The ttest command is used to compute Welsh's t-test using pre-sorted sets (plural) of side-channel traces.
spo@zen:~$ lascarctl ttest --help
Usage: lascarctl ttest [OPTIONS] [NAMES_IN]...
Compute Welch-ttest on containers.
Each set of trace represent a different class for the ttest. (no
partitioning done)
For each pair of set of trace, a ttest is computed.
Options:
-b, --batch_size INTEGER set the batch_size for lascar session
-o, --name_out TEXT npy.save the ttests to name_out
-p, --plot plot the computed ttests with matplotlib
--help Show this message and exit.
When using Welsh's t-test on side-channel traces, we define a criterion dividing the traces between 2 batches.

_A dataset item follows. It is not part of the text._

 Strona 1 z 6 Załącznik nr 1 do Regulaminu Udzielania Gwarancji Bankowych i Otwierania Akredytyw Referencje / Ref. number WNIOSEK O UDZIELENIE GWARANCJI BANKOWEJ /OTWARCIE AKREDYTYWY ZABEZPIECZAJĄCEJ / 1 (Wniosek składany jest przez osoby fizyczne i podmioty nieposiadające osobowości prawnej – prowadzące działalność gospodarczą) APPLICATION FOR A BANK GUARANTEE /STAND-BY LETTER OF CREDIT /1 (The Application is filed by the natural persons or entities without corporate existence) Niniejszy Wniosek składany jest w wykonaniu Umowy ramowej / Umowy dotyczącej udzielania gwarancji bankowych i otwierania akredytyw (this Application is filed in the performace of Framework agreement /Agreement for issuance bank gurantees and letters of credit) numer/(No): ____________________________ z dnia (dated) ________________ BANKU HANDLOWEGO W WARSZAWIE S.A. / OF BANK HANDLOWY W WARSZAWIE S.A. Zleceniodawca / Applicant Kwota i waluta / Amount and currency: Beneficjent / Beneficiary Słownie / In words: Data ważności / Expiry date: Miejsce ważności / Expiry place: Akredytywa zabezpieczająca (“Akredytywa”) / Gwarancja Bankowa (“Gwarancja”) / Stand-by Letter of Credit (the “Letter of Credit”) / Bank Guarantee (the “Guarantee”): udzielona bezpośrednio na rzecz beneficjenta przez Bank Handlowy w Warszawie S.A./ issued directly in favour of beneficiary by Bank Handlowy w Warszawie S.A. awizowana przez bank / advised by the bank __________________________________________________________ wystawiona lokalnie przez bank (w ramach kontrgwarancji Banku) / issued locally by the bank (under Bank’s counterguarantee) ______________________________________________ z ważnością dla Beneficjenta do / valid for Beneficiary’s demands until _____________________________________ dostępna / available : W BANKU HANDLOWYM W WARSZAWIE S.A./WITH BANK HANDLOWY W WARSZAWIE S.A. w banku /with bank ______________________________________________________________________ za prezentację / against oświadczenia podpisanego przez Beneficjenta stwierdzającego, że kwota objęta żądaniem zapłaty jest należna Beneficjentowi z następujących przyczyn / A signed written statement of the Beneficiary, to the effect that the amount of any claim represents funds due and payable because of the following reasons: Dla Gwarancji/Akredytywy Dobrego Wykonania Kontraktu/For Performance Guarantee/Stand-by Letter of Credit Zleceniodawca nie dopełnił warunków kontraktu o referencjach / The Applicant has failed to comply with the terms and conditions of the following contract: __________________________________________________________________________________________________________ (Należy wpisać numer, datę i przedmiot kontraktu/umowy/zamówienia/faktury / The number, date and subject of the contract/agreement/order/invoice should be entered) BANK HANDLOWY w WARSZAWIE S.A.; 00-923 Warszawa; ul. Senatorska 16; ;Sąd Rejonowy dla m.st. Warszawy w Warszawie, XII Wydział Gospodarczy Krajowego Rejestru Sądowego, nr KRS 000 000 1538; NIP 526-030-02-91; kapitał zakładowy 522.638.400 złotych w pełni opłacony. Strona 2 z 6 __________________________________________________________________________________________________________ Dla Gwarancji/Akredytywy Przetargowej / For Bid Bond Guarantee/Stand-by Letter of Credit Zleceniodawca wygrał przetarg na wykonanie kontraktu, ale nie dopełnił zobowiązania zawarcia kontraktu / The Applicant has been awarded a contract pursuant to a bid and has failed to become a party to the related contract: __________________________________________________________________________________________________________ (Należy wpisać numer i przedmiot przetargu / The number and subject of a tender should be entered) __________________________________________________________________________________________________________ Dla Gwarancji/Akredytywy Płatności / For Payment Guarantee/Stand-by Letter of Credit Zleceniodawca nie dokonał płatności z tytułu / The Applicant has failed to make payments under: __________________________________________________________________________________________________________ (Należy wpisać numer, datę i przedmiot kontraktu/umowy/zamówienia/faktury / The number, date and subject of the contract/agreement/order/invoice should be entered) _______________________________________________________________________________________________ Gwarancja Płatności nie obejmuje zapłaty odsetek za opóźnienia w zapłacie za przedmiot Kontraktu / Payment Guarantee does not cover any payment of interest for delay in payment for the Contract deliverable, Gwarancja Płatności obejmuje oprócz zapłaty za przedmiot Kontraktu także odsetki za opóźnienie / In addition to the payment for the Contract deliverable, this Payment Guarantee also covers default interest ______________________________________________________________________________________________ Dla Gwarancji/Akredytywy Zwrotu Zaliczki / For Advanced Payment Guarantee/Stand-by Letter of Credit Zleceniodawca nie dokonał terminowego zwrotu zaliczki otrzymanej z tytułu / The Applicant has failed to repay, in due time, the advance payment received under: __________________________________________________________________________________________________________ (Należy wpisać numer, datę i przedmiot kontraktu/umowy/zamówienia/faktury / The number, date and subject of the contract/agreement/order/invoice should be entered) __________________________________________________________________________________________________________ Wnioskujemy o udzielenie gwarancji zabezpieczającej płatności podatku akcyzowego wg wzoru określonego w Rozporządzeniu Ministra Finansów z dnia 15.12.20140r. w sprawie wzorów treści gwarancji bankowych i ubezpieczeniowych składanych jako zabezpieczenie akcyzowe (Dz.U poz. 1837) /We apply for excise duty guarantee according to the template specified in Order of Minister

For instance:
- fixed_plaintext versus random_plaintext
- fixed_plaintext versus fixed2_plaintext
- ...
Now, if during your acquisition you have several set of traces, such that, for instance:
fixed_plaintext.h5is aHdf5Containerwith traces such that the plaintext is fixedrandom_plaintext.h5is aHdf5Containerwith traces such that the plaintext is randomfixed2_plaintext.h5is aHdf5Containerwith traces such that the plaintext is fixed to a different value thanfixed_plaintext.h5
Then you can use the lascarctl ttest command to compute the Welsh's ttest of all the couples described berfore:
- fixed_plaintext versus random_plaintext
- fixed2_plaintext versus random_plaintext
- fixed_plaintext versus fixed2_plaintext
The command:
lascarctl ttest fixed_plaintext.h5 random_plaintext.h5 fixed2_plaintext.h5 -o result_ttest.save
will compute the 3 ttests, and output them into a npy file.
The --plot option will also use matplotlib to display the 3 ttest curves.